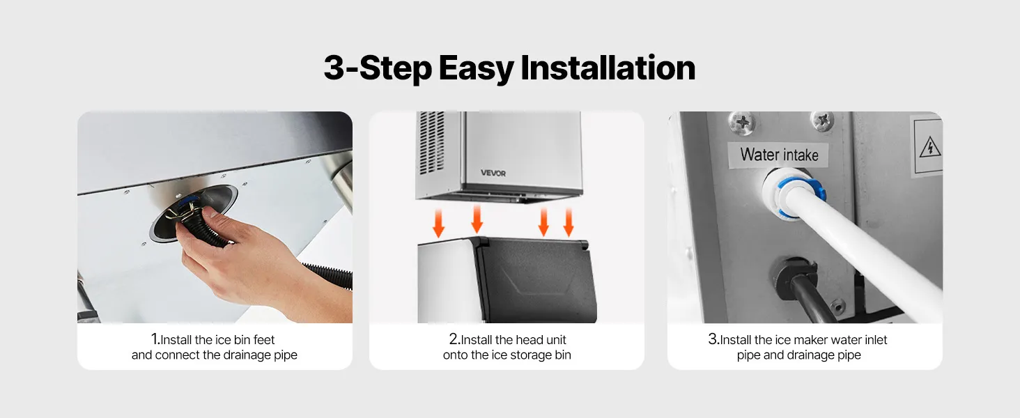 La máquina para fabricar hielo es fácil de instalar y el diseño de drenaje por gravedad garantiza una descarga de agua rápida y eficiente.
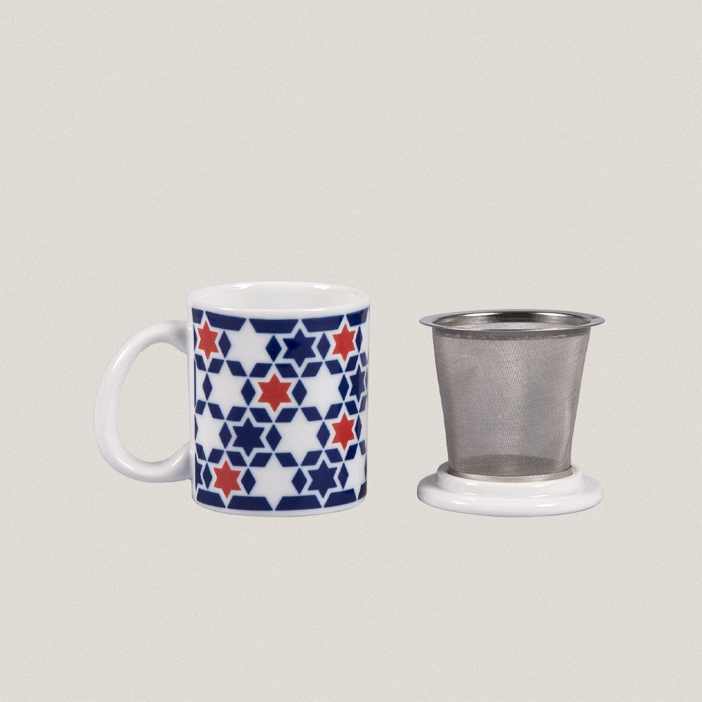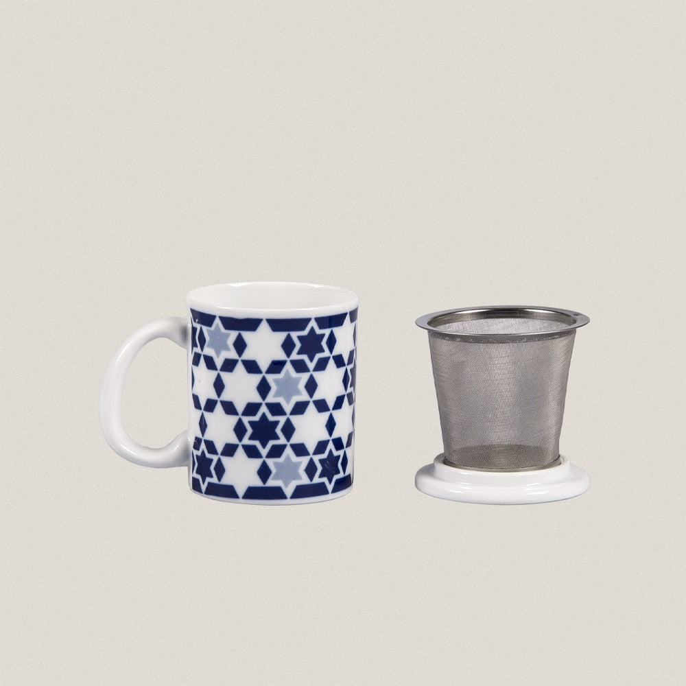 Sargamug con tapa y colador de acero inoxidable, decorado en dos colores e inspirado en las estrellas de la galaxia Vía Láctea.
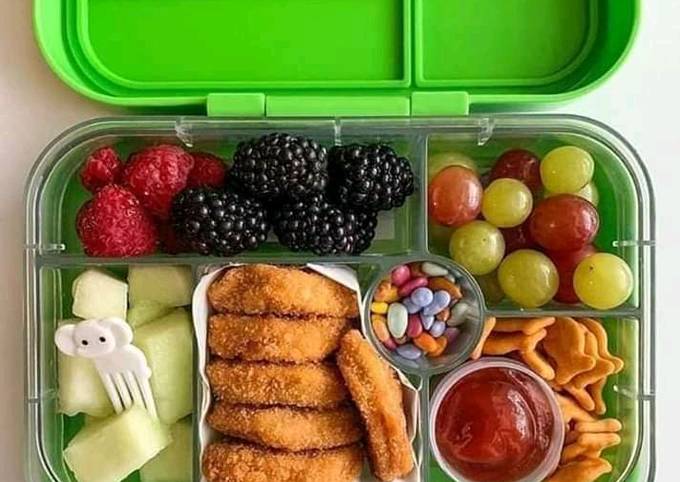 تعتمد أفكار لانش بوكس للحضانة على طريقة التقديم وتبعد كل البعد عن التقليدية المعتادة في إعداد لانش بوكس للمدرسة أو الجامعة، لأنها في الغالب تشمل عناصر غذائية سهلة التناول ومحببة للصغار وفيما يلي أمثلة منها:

* * *

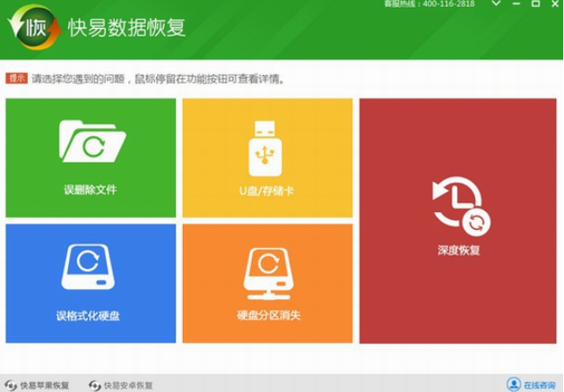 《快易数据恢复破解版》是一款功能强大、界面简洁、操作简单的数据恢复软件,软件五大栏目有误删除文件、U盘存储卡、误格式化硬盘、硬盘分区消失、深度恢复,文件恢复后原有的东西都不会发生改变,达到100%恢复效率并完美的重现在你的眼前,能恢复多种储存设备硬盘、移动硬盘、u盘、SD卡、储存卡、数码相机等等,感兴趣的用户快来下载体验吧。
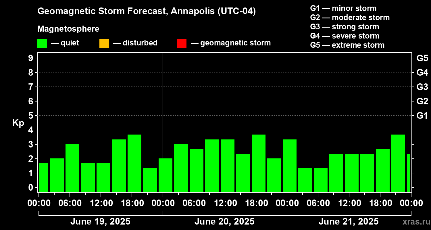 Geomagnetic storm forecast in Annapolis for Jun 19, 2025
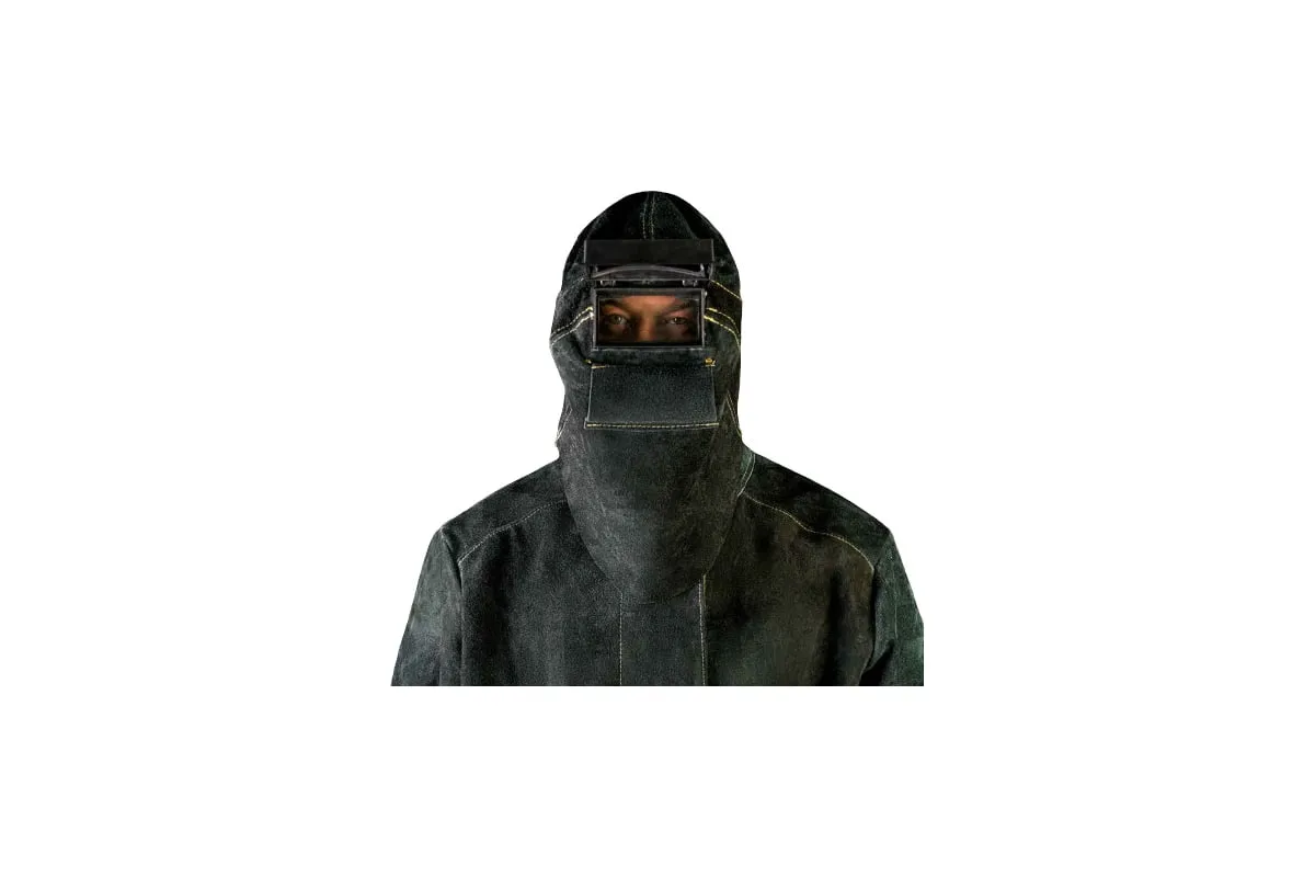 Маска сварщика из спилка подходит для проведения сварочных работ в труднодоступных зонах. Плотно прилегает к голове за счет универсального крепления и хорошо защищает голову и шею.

**WHAT THE TASK REQUIRES:** Going by the entries above, repeat exactly the lines that start at the line with "Sargamug con tapa" and go on through the line with "تعتمد أفكار لانش". Pictures are not part of the copy.

**WRITTEN ANSWER:**
 Sargamug con tapa y colador de acero inoxidable, decorado en dos colores e inspirado en las estrellas de la galaxia Vía Láctea.
 تعتمد أفكار لانش بوكس للحضانة على طريقة التقديم وتبعد كل البعد عن التقليدية المعتادة في إعداد لانش بوكس للمدرسة أو الجامعة، لأنها في الغالب تشمل عناصر غذائية سهلة التناول ومحببة للصغار وفيما يلي أمثلة منها:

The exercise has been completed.